MATERIAL PROVIDED START

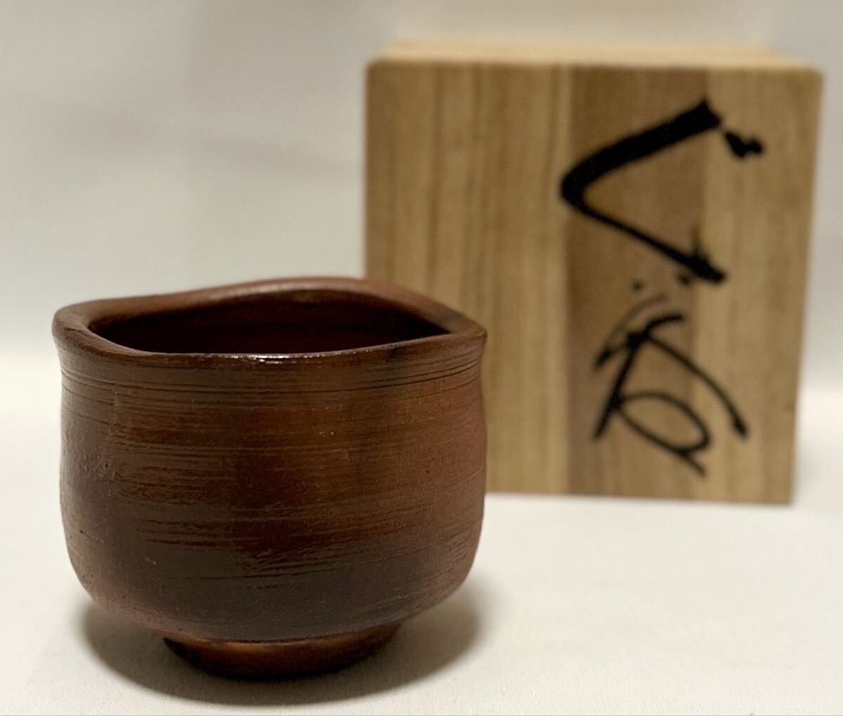 - 大谷焼 四代 矢野款一 ぐい呑 共箱 朱泥 薪窯 徳島民芸 土味 手仕事 酒器 酒盃 Tokushima Otani ware Guinomi 陶芸 工芸 美品
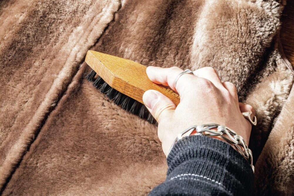 王道のクマジャンは、スムースレザー部分は前頁と同様にして、ムートン部分はブラッシングが基本。変色の恐れのあるフッ素系のスプレーは避けたい。
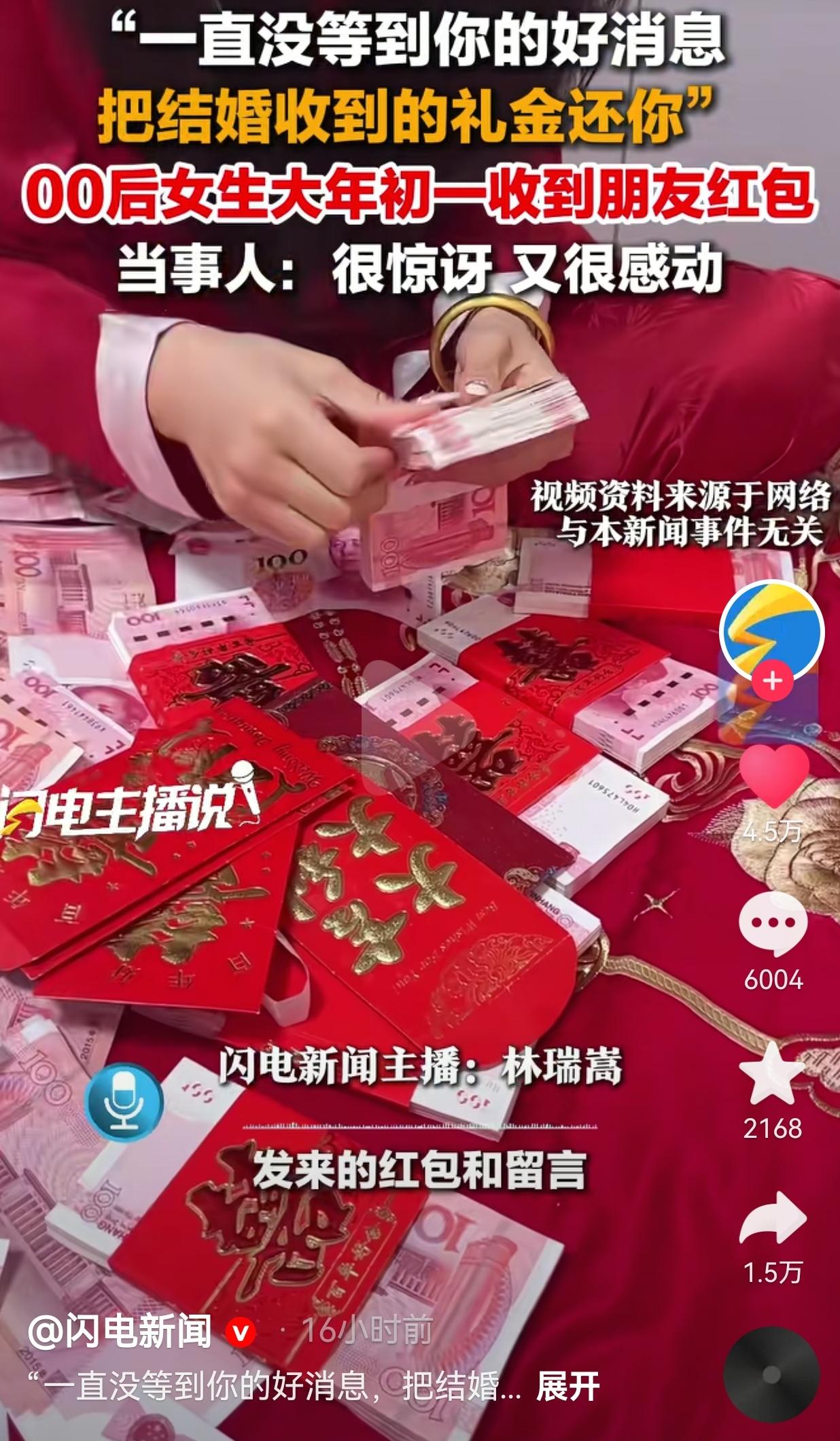 这才是人间清醒!大年初一,cici正窝在沙发上抢红包,手机突然弹出来一条微信转账,备注看得她当场鼻子一酸:“鉴于我结婚两年,一直没等到你的好消息,新年把礼金还你。祝你平安喜乐,勇敢做自己,去见喜欢的人,看好看的风景。” 转账金额是600块,不多不少,正好是两年前cici随给她的份子钱。 说实话,她从来没想过这笔钱还能收回来,毕竟在很多人的眼里,随出去的份子钱就像泼出去的水,哪有再要回来的道理。 发消息的不是cici从小一起长大的发小,而是她实习时的同事阿柚。她们在同一家公司共事了半年,那时候她们天天一起点奶茶、吐槽老板,下班路上分享对未来的憧憬。 后来cici换了城市,阿柚也换了工作,她们的联系渐渐少了,从每天聊天变成了逢年过节的一句问候,再后来,连朋友圈点赞都成了奢侈。 cici以为,她们的友情会被时间和距离冲淡,甚至会像很多同事那样,慢慢变成通讯录里的一个名字。 可她偏偏在大年初一,用这样一种温柔的方式,把那份“人情债”还给了cici。收到红包的那一刻,cici整个人都懵了,除了惊讶,更多的是说不出来的感动。 网友看到后评论说:“这朋友也太神仙了吧!我随出去的份子钱,都快成坏账了。” 也有的网友说:“我结婚的时候,闺蜜随了800,现在她还单着,我都不敢提这事儿,怕她觉得我在催婚。” 还有的网友说:“我随了500给大学同学,结果人家转头就把我删了,这钱就当喂狗了。” 其实大家都懂,随份子钱从来不是“你给我多少,我还你多少”的交易,可现实里,太多人把它当成了“人情投资”。 你结婚我随500,我结婚你就得还600,不然就是“不懂事”;你生孩子我包200,我孩子满月你就得回300,不然就是“没诚意”。 可阿柚的做法,却戳破了这层虚伪的窗户纸:“我结婚的时候,你给我的是祝福,不是欠条。现在你还没遇到想嫁的人,我不想让这份祝福变成你的压力。” 她没有说“你快找个人嫁了吧”,也没有说“我都当妈了你还单着”,而是用600块钱告诉cici:你的人生节奏,不用跟着别人走。 她们这代人,从小被教育“人情大于天”,随份子、走亲戚、随大流,好像不这么做,就是“不合群”。可现在,她们终于开始学着说“不”了: 不随不想随的礼,不结不想结的婚,不活在别人的期待里。 阿柚退份子钱的举动,本质上是在说:“我尊重你的人生选择,也希望你别被世俗绑架。” 大家觉得呢?欢迎评论区唠唠。

MATERIAL PROVIDED END

→ **EXERCISE DESCRIPTION**
Write out an exact copy of the listing, first line through the line containing "王道のクマジャンは、スムース", with the pictures left out.

→ **YOUR SOLUTION**
 - 大谷焼 四代 矢野款一 ぐい呑 共箱 朱泥 薪窯 徳島民芸 土味 手仕事 酒器 酒盃 Tokushima Otani ware Guinomi 陶芸 工芸 美品
 王道のクマジャンは、スムースレザー部分は前頁と同様にして、ムートン部分はブラッシングが基本。変色の恐れのあるフッ素系のスプレーは避けたい。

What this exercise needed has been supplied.